Compte tenu des exigences de traitement, la technologie d'osmose inverse à rétention de sels a été mise en place dans la majorité des stations installées jusqu'à présent (voir tableau 4). L'osmose inverse est installée aussi bien pour le traitement des lixiviats bruts qu'avec les lagunes aérées en amont. Cependant, l'expérience acquise avec les lagunes aérées montre que ces installations sont en pratique discutables. En effet, dans la plupart des cas, les aérateurs de surface installés ne sont pas mis en service à cause d'émanations de fortes odeurs dues à la présence d'ammoniac volatil. Finalement, ce type d'installation n'est pas très différent d'un traitement direct par osmose inverse sur des lixiviats bruts.

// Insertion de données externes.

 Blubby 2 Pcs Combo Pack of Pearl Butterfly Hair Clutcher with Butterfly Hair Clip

À cause de la forte charge organique, le traitement des lixiviats par osmose inverse directe implique un nettoyage fréquent et poussé des membranes. Afin d'éviter les phénomènes de scaling et de précipitation, et de garantir les demandes de rétention de l'azote, la valeur du pH à l'entrée de l'osmose inverse doit être réduite au-dessous de 6,5. Étant donné le pouvoir tampon élevé des lixiviats, ceci demande un dosage d'acide sulfurique ou chlorhydrique en très fortes quantités et entraîne l'augmentation des quantités de sels.

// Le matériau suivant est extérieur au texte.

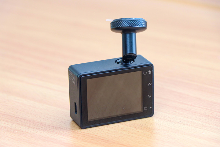 47及67W背面都配置2吋螢幕,為非觸控式,要靠右邊側面的四顆實體按鍵進行操作;左側則設有microUSB插孔,記憶卡插槽設置在機身底部,購買時已隨機附上一張16GB的microSD記憶卡在內,主機本身支援8GB~128GB Class10以上規格的microSD記憶卡。就實測經驗,47以最高1080p錄製1分鐘的影片,檔案大小約為123MB;最高可錄製1440p影片的67W,1分鐘檔案大小約164MB。建議若長時間出門在外,不想讓影片太快被覆蓋掉,最好自行更換容量更大的記憶卡。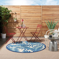 Nourison Aloha Indoor/Outdoor Navy 7'10' X Round Area Rug, Tropical, Botanical, Easy Cleaning, Non Shedding, Bed Room, Kitchen,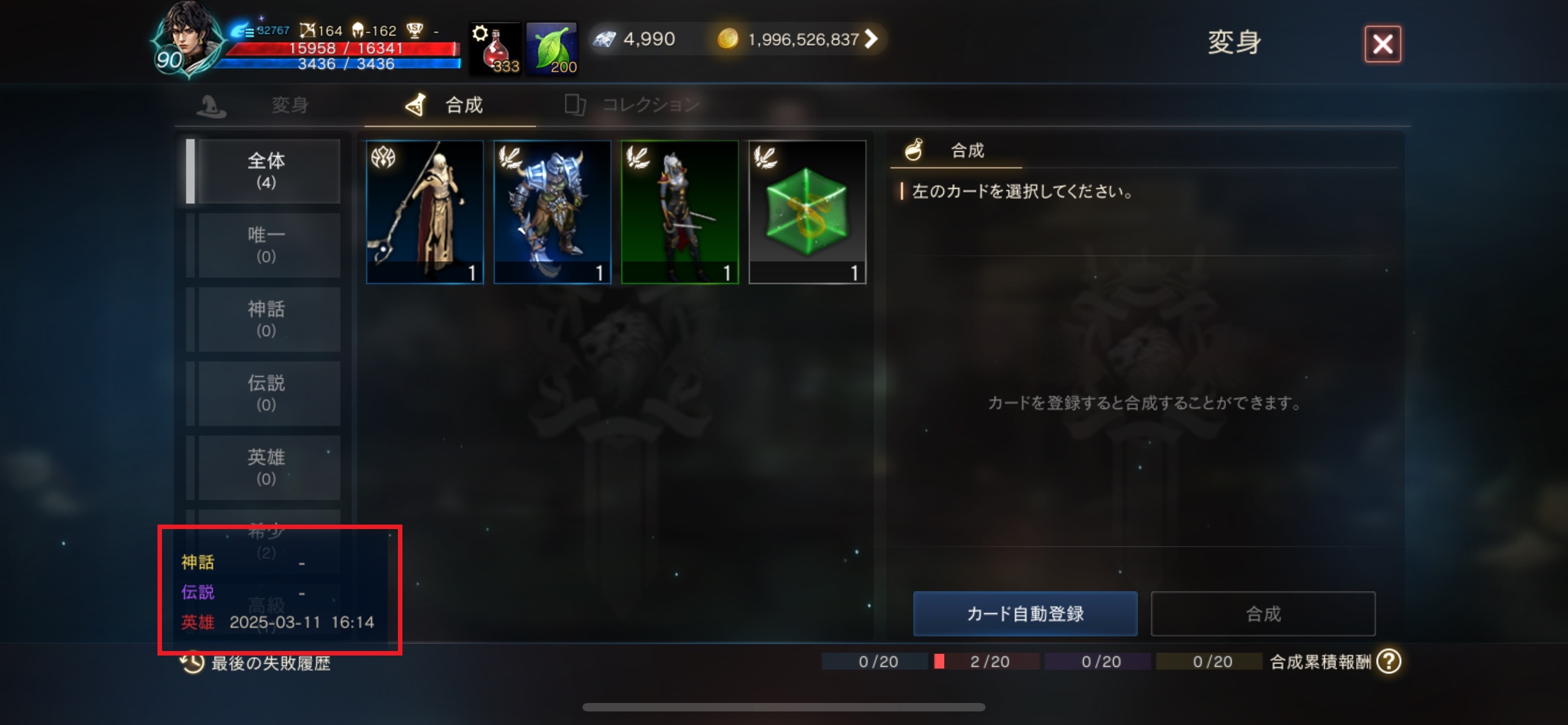 ※変身/マジックドール/聖物カードの失敗履歴はアカウント単位で計上され、スキルカードはキャラクター単位で計上されます。

Tableau 4 : Stations de traitement de lixiviats dans les pays du Maghreb

Type de traitement Stations
Rétention des sels– Traitement biologique : lagune aérée, 1 ou 2 blocs OI– Traitement physique : 1 bloc OI • Maroc : Al Hoceima 2008, Rabat 2011• Tunisie : Djerba 2006, Sfax 2007, Gabès 2007, Médenine 2008, Bizerte 2008, Sousse 2009, Nabeul 2010, Djebel Chékir 2012• Algérie : Corso 2013, Oued Smar 2013
Pas de rétention des sels– Traitement biologique : MBR nitrification, 1 bloc OI– Traitement physique : MBR nitrification, 1 bloc NF • Algérie : Hamici 2012

Lorsqu'un « rejet direct » des effluents dans le milieu récepteur est envisagé, les exigences sur le traitement concernant la DCO et l'abattement des matières azotées sont élevées. En Allemagne, la DCO doit être inférieure à 200 mg/l;

[Publicité : Editions Johanet]
[Publicité : IWAKI]
[Photo : Description schématique d'une station de traitement de lixiviats par Osmose Inverse [4]]

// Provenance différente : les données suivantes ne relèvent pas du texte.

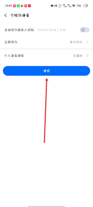 4、在个性化语音页面,点击蓝色的停用按钮,即可关闭个性化语音功能。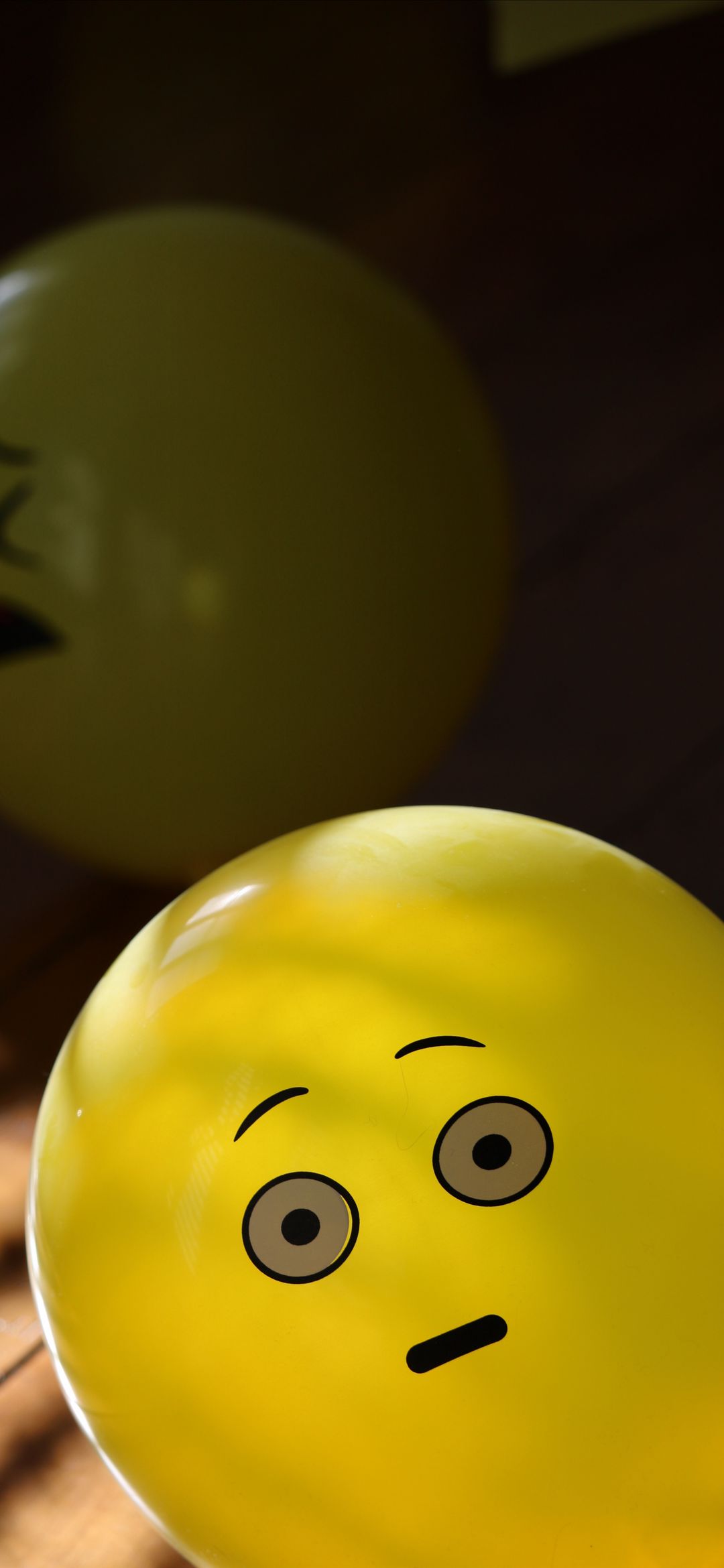 A bright yellow balloon features a surprised emoji face with wide eyes and a slightly open mouth. The playful design adds a touch of humor and whimsy to any space, perfect for a fun and lighthearted vibe.

En Europe et en Asie inférieure à 100 mg/l. Le N-NH₄ doit être réduit à 10 mg/l et le taux de dénitrification réalisé doit être le plus élevé possible. En outre, certains pays exigent un taux défini d’élimination des sels avant le rejet dans le cours d’eau. Les agences de l'environnement suivent le rejet dans les rivières avec beaucoup d’attention. La technologie utilisée pour le traitement des lixiviats doit donc être très fiable et doit se conformer à des normes sévères. Lorsque les paramètres de qualité des effluents sont stricts, en particulier en ce qui concerne la salinité et la conductivité, l’osmose inverse (OI) pourrait s’avérer être une bonne option pour le traitement des lixiviats de décharge.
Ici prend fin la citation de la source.